You will see that the first call to manual using float32 and nn.CosineSimilarity gives the same results, but are also using intermediate values outside of the valid float16 range:

tensor([  4.2845, -32.5558,   4.3298,   7.5555,  24.1382,  65.0509, -11.0637,
         80.8742,  -4.0695, -48.8819], device='cuda:0')
tensor([1968.8096, 2079.9971, 1968.8093, 2038.1968, 2118.2397, 2037.6740,
        2009.8625, 2059.7161, 1933.5315, 2092.7104], device='cuda:0')
tensor([2048.4983, 2051.1265, 2075.0337, 1997.3761, 2019.7664, 1949.5663,
        1937.5840, 2021.9969, 2035.3262, 2116.4380], device='cuda:0')
tensor([4033103.0000, 4266337.0000, 4085345.7500, 4071045.5000, 4278349.5000,
        3972580.5000, 3894277.5000, 4164739.5000, 3935367.2500, 4429092.0000],
       device='cuda:0')
tensor([4033103.0000, 4266337.0000, 4085345.7500, 4071045.5000, 4278349.5000,
        3972580.5000, 3894277.5000, 4164739.5000, 3935367.2500, 4429092.0000],
       device='cuda:0')
tensor([2008.2587, 2065.5112, 2021.2239, 2017.6832, 2068.4172, 1993.1333,
        1973.3923, 2040.7693, 1983.7760, 2104.5408], device='cuda:0')
tensor(0.0045, device='cuda:0')
tensor(0.0045, device='cuda:0')

In float16 you would thus get invalid results:

tensor([  4.2695, -32.5625,   4.3398,   7.5586,  24.1406,  65.0625, -11.0469,
         80.8750,  -4.0586, -48.9062], device='cuda:0', dtype=torch.float16)
tensor([1969., 2080., 1969., 2038., 2118., 2038., 2010., 2060., 1934., 2092.],
       device='cuda:0', dtype=torch.float16)
tensor([2048., 2052., 2076., 1997., 2020., 1950., 1938., 2022., 2035., 2116.],
       device='cuda:0', dtype=torch.float16)
tensor([inf, inf, inf, inf, inf, inf, inf, inf, inf, inf], device='cuda:0',
       dtype=torch.float16)
tensor([inf, inf, inf, inf, inf, inf, inf, inf, inf, inf], device='cuda:0',
       dtype=torch.float16)
tensor([inf, inf, inf, inf, inf, inf, inf, inf, inf, inf], device='cuda:0',
       dtype=torch.float16)
tensor(0., device='cuda:0', dtype=torch.float16)

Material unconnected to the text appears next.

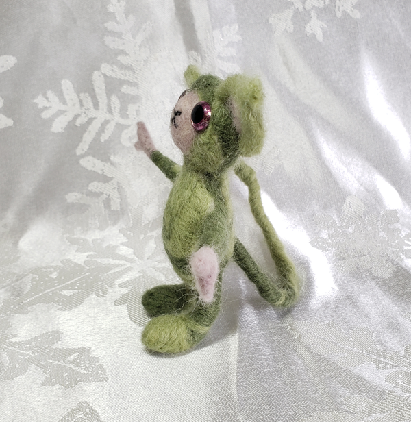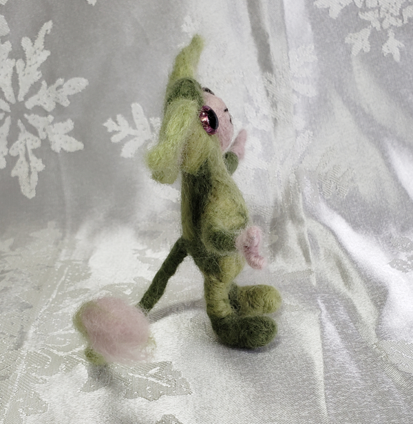 A friendly gremlin with iridescent pink eyes.  This needle felted sculpture is a mix of beautiful sage and olive green, with a light pinkish-beige face, hands, and fluffy tail.

No, I disagree as torch.cuda.amp.autocast is used exactly for this reason: operations prone to overflows or general numerical instability are kept in float32, while other operations are allowed to use float16 (inputs and outputs) while the computation itself is often still done in float32.
Since you are manually using half() on your data without depending on autocast, you would need to check the used operations and see if you might be running into numerical issues.

However, I agree that training models directly in float16 is definitely not straightforward and might not work.